DATASET CONTENT:

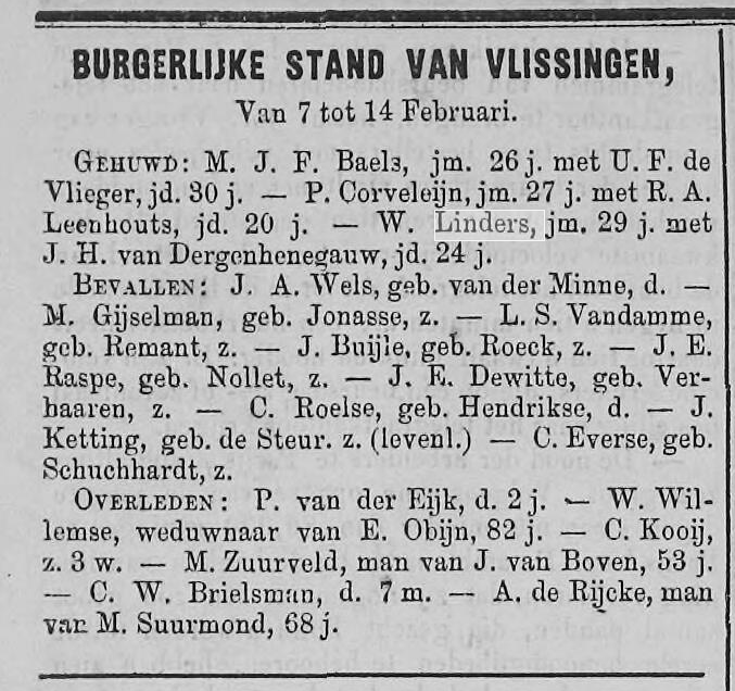 LW163. J. Linders. Hij trouwde met B. Schoonbergen.
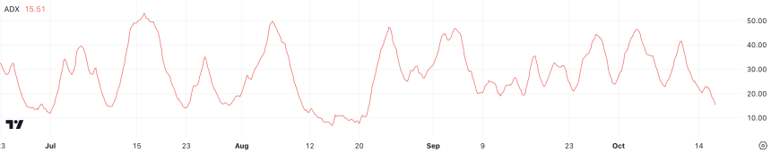 Cardano (ADA) currently has an Average Directional Index (ADX) of 15.51, down sharply from 41 just four days ago. This decline indicates a significant weakening in ADAs trend strength.
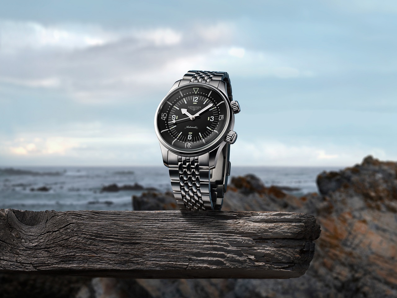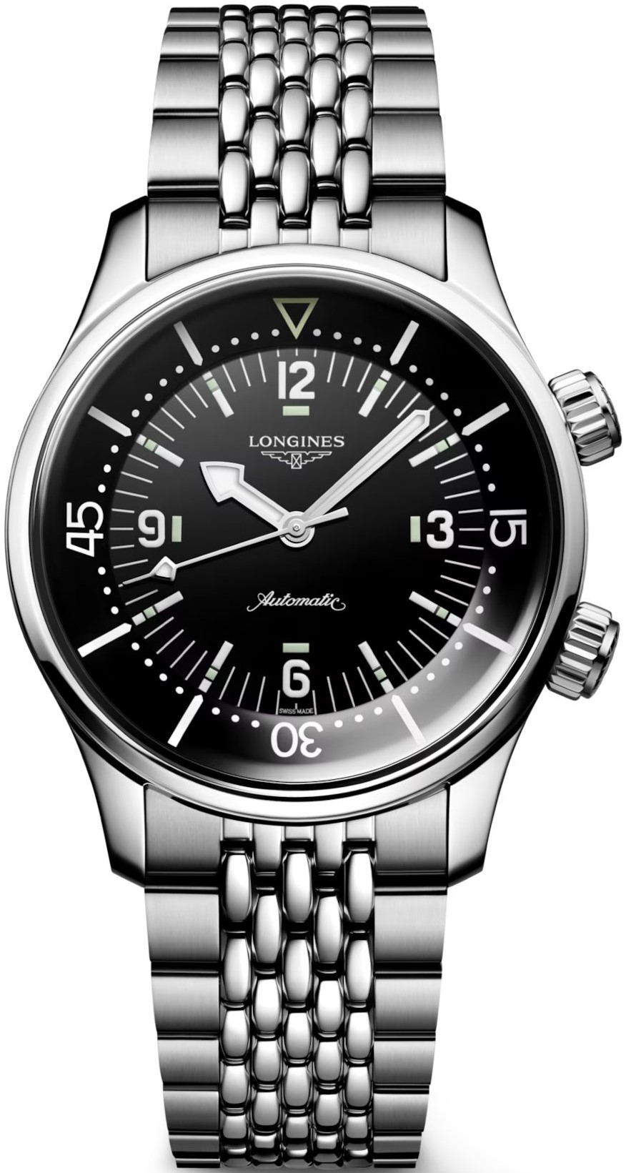 Longines Legend Diver L3.764.4.50.6 sind Herren Taucheruhren mit einem Stahlarmband vom Typ Beads of Rice mit Faltschließe, das seinen Namen erhielt, weil seine mittleren Glieder Reiskörner ähneln. Das Edelstahlgehäuse, das gebürstete und polierte Flächen kombiniert, hat einen Durchmesser von 39 Millimetern. Die verschraubte Krone auf der 4-Uhr-Position dient zur Zeiteinstellung, während die Krone auf der 2-Uhr-Position zur Einstellung der drehbaren Lünette dient. Das matte schwarze Zifferblatt ist durch ein Saphirglas mit beidseitiger Antireflexbeschichtung geschützt. Die Stundenindizes und Zeiger sind mit einem lumineszierenden Anstrich Super-LumiNova® versehen, der nach Beleuchtung perfekte Ablesbarkeit bei schlechten Lichtverhältnissen garantiert. Der Antrieb der Uhr wird durch das mechanische Kaliber L888 mit automatischem Aufzug und einer Gangreserve von etwa 72 Stunden gewährleistet. Dieses Kaliber mit der Funktion des Anhaltens des Sekundenzeigers beim Herausziehen der Krone in die äußerste Position, für die sich der Begriff Hacking eingebürgert hat, kann bei Bedarf auch manuell aufgezogen werden. Der Kaliber ist zudem mit einer Siliziumspirale ausgestattet, die der Uhr eine hohe Resistenz gegen Magnetfelder verleiht. Die Uhren mit C.O.S.C.-Zertifizierung, die eine Garantie für hohe Präzision ist, tragen die Bezeichnung Chronometer. Mit einer Wasserdichtigkeit von 300 Metern sind sie für das Tiefseetauchen geeignet.

DIRECTIONS:
Reproduce verbatim the opening line of the material and every line after it, up to and including the line with "Cardano (ADA) currently", but no pictures.

WRITTEN SOLUTION:
 LW163. J. Linders. Hij trouwde met B. Schoonbergen.
 Cardano (ADA) currently has an Average Directional Index (ADX) of 15.51, down sharply from 41 just four days ago. This decline indicates a significant weakening in ADAs trend strength.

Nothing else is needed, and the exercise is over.